They had more "sand" than was
good for them. They were raised on "Cat Hill," and five were captured by
felines, and when the remnant was brought to me they disappeared day by
day in the most puzzling manner until we caught our mischievous pug,
"Tiny Tim," holding down a beautiful young Leghorn with his cruel paw
and biting a piece out of her neck.
So they left me, one by one, like the illusions of youth, until there
was no "survival of the fittest."
In a ragged old barn opposite, a hen had stolen her nest and brought
out seventeen vigorous chicks. I paid a large bill for the care of what
might have been a splendid collection, and meekly bought that faithful
old hen with her large family.

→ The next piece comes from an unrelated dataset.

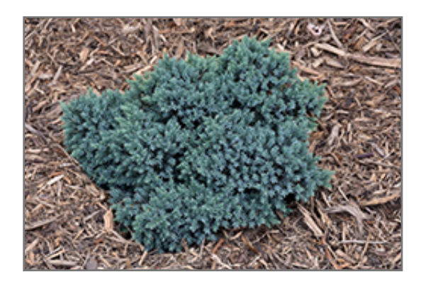
Blue Star Juniper

It is now a wonder to me that any
chickens arrive at maturity. Fowls are afflicted with parasitic
wrigglers in their poor little throats. The disease is called "gapes,"

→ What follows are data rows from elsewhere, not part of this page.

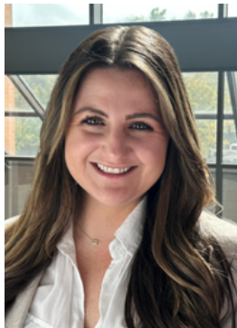
VICE PRESIDENT, COMMUNICATIONS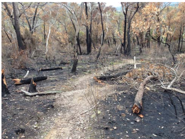
2014: Fire damaged educational walk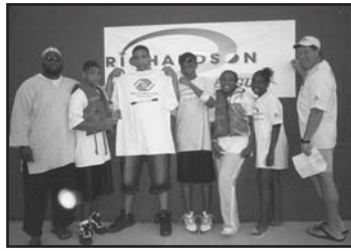
Boys and Girls Clubs of Hall County kayaking team receives awards.

Several participants from the Boys & Girls Clubs team took home gold, silver and bronze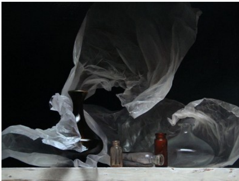
Above: "Bottle Collection" by Sadie Valeri

11 Broad Street Charleston SC 29401 (Just North of Bay Street)

because they try to open their bills for more air until a red worm in
the trachea causes suffocation. This horrid red worm, called
scientifically
Scelorostoma syngamus, destroys annually
half a
million of chickens.
Dr. Crisp, of England, says it would be of truly national importance to
find the means of preventing its invasion.
The unpleasant results of hens and garden contiguous, Warner has
described. They are incompatible if not antagonistic. One man wisely
advises: "Fence the garden in and let the chickens run, as the man
divided the house with his quarrelsome wife, by taking the inside
himself and giving her the outside, that she might have room according
to her strength.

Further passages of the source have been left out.